Examination of cytosine methylation at AluI restriction sites, which reports on de novo methylation in a CHH sequence context, reveals a dramatic increase in de novo cytosine methylation in hda6 mutants, and a modest increase in ddm1 mutants, as shown using both the promoter region and amplicon 1 probes (Fig. 5A). The de novo cytosine methylation is consistent with the dramatic overproduction of siRNAs in hda6 mutants (see Fig. 4), and a modest increase in siRNA levels in ddm1 mutants (data not shown). In axe1-5 rescued by the HDA6-Flag transgene, CHH methylation is restored to wild-type levels, consistent with the return of siRNA abundance to wild-type levels (refer to Fig. 4B).

As an independent test of DNA methylation status, we used Chop-PCR, an assay in which genomic DNA is subjected to digestion with a methylation-sensitive restriction endonuclease (i.e., it is “chopped”) and then tested as a template for PCR amplification using primers flanking the restriction sites. In wild-type plants, lack of DNA methylation at one or more AluI sites in the promoter region allows AluI to cut the DNA such that the template cannot be amplified by PCR (Fig. 5B; Supplemental Fig. S2). In contrast, the promoter region of wild-type plants is recalcitrant to digestion with MspI, due to CHG methylation; as a result, the region can be PCR-amplified following MspI digestion. In agreement with the Southern blot data, increased de novo methylation at asymmetric sites occurs in the promoter region of ddm1, rts1-1, and axe1-5 mutants, making the promoter region more resistant to AluI cleavage. At the same time, losses of CHG and CG methylation make promoter regions more susceptible to MspI and HpaII digestion, respectively (Fig. 5B; Supplemental Fig. S2). Importantly, wild-type methylation patterns at AluI sites are restored in axe1-5 mutants transformed with the wild-type HDA6-Flag transgene (Fig. 5B). Taken together, the data show that symmetric CHG sites are hypomethylated, but asymmetric CHH sites are hypermethylated, in hda6 mutants. We conclude that HDA6 is not required for de novo CHH methylation, but appears to be required for CG and CHG maintenance methylation. The possibility that HDA6 is also required for de novo methylation at CG and CHG motifs cannot be ruled out.

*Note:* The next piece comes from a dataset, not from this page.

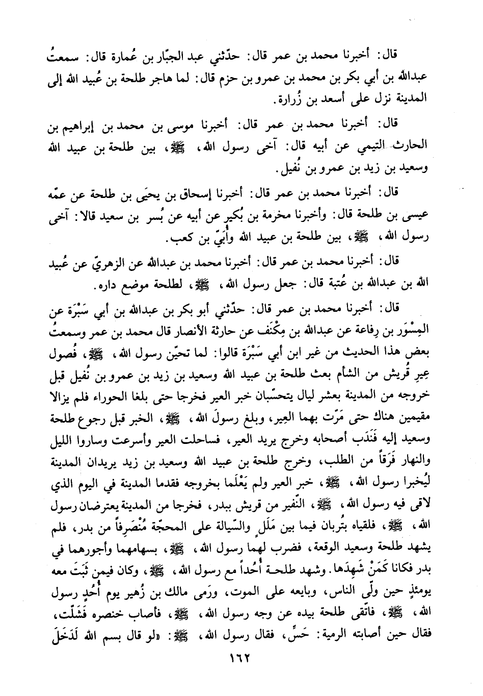 قَالَ: أَخْبَرَنَا مُحَمَّدُ بْنُ عُمَرَ قَالَ: حَدَّثَنِي أَبُو بَكْرِ بْنُ عَبْدِ اللَّهِ بْنِ أَبِي سبرة عَنِ الْمِسْوَرِ بْنِ رِفَاعَةَ عَنْ عَبْدِ اللَّهِ بن مكنف عن حَارِثَةَ الأَنْصَارِ قَالَ مُحَمَّدُ بْنُ عُمَرَ وَسَمِعْتُ بَعْضَ هَذَا الْحَدِيثِ مِنْ غَيْرِ ابْنِ أَبِي سَبْرَةَ قَالُوا: لَمَّا تَحَيَّنَ رَسُول اللَّهِ - صَلَّى اللَّهُ عَلَيْهِ وَسَلَّمَ - فُصُولَ عِيرِ قُرَيْشٍ مِنَ الشَّامِ بَعَثَ طَلْحَةَ بْن عُبَيْد اللَّه وَسَعِيدَ بْن زيد بن عمرو بن نفيل قبل خُرُوجِهِ مِنَ الْمَدِينَةِ بِعَشْرِ لَيَالٍ يَتَحَسَّبَانِ خَبَرَ الْعِيرِ فَخَرَجَا حَتَّى بَلَغَا الْحَوْرَاءَ فَلَمْ يَزَالا مُقِيمَيْنِ هُنَاكَ حَتَّى مَرَّتْ بِهِمَا الْعِيرُ. وَبَلَغَ رَسُولَ اللَّهِ - صَلَّى اللَّهُ عَلَيْهِ وَسَلَّمَ - الخبر قَبْلَ رُجُوعِ طَلْحَةَ وَسَعِيدٍ إِلَيْهِ فَنَدَبَ أَصْحَابَهُ وَخَرَجَ يُرِيدُ الْعِيرَ. فَسَاحَلَتِ الْعِيرُ وَأَسْرَعَتْ وَسَارُوا اللَّيْلَ وَالنَّهَارَ فَرَقًا مِنَ الطَّلَبِ. وَخَرَجَ طَلْحَةُ بْن عُبَيْد اللَّه وَسَعِيدُ بْن زَيْدٍ يُرِيدَانِ الْمَدِينَةَ لِيُخْبِرَا رَسُول اللَّهِ - صَلَّى اللَّهُ عَلَيْهِ وَسَلَّمَ - خَبَرَ الْعِيرِ وَلَمْ يَعْلَمَا بِخُرُوجِهِ فَقَدِمَا الْمَدِينَةَ فِي الْيَوْمِ الَّذِي لاقَى فِيهِ رَسُولُ اللَّهِ - صَلَّى اللَّهُ عَلَيْهِ وَسَلَّمَ - النَّفِيرَ مِنْ قُرَيْشٍ بِبَدْرٍ. فَخَرَجَا مِنَ الْمَدِينَةِ يَعْتَرِضَانِ رَسُولَ اللَّهِ - صَلَّى اللَّهُ عَلَيْهِ وَسَلَّمَ - فَلَقِيَاهُ بِتُرْبَانَ فِيمَا بَيْنَ مَلَلٍ وَالسَّيَالَةِ عَلَى الْمَحَجَّةِ مُنْصَرِفًا مِنْ بَدْرٍ. فَلَمْ يَشْهَدْ طَلْحَةُ وَسَعِيدٌ الْوَقْعَةَ. فَضَرَبَ لَهُمَا رَسُولُ اللَّهِ - صَلَّى اللَّهُ عَلَيْهِ وَسَلَّمَ - بِسِهَامِهِمَا وَأُجُورِهِمَا فِي بَدْرٍ فَكَانَا كَمَنْ شَهِدَهَا. وَشَهِدَ طَلْحَةُ أُحُدًا مَعَ رَسُولِ اللَّهِ - صَلَّى اللَّهُ عَلَيْهِ وَسَلَّمَ - وَكَانَ فِيمَنْ ثَبَتَ مَعَهُ يَوْمَئِذٍ حِينَ وَلَّى النَّاسُ. وَبَايَعَهُ عَلَى الْمَوْتِ. وَرَمَى مَالِكُ بْنُ زُهَيْرٍ يَوْمَ أُحُدٍ رَسُولَ اللَّهِ - صَلَّى اللَّهُ عَلَيْهِ وَسَلَّمَ - فَاتَّقَى طَلْحَةُ بِيَدِهِ عَنْ وَجْهِ رَسُولِ اللَّهِ - صَلَّى اللَّهُ عَلَيْهِ وَسَلَّمَ - فَأَصَابَ خِنْصَرَهُ فَشَلَّتْ.

Histone modifications and polymerase occupancy in hda6 mutants

To assay chromatin modifications and polymerase occupancy in rRNA gene IGS and coding sequences (Fig. 6A), we used chromatin immunoprecipitation (ChIP) combined with quantitative PCR (see Fig. 6A for positions of amplicons tested). Mock ChIP reactions conducted in the absence of antibody revealed background signals (Fig. 6B). Antibodies recognizing histone modifications indicative of actively transcribed genes—namely, histone H3 acetylated on Lys 9 and Lys 14 (H3Ac); Histone H4 hyperacetylated on Lys 5, Lys 8, Lys 12, and Lys 16 (H4Ac); or histone H3 trimethylated on Lys 4 (H3K4me3)—yielded greater ChIP signals in hda6 mutants compared with wild-type plants throughout rRNA gene coding and noncoding regions (Fig. 6C–E; Supplemental Fig. S1). Conversely, levels of histone H3 dimethylated on Lys 9 (H3k9me2), a modification characteristic of inactive heterochromatic sequences, are substantially decreased in hda6 mutants relative to wild-type controls (Fig. 6F). At actin genes, which are constitutively transcribed by RNA Pol II, differences in H3K4me3 and H4Ac levels in wild-type versus hda6 mutant plants are not significant. However, at AtSN1 family retrotransposons, which are silenced by HDA6 and RNA-directed DNA methylation, H3K4me3 and histone acetylation levels increase, and H3K9me2 levels decrease in hda6 mutants compared with wild-type plants (Fig. 6). These chromatin changes are consistent with the derepression of AtSN1 elements in hda6 mutants (data not shown).

Figure 6.

Figure 6.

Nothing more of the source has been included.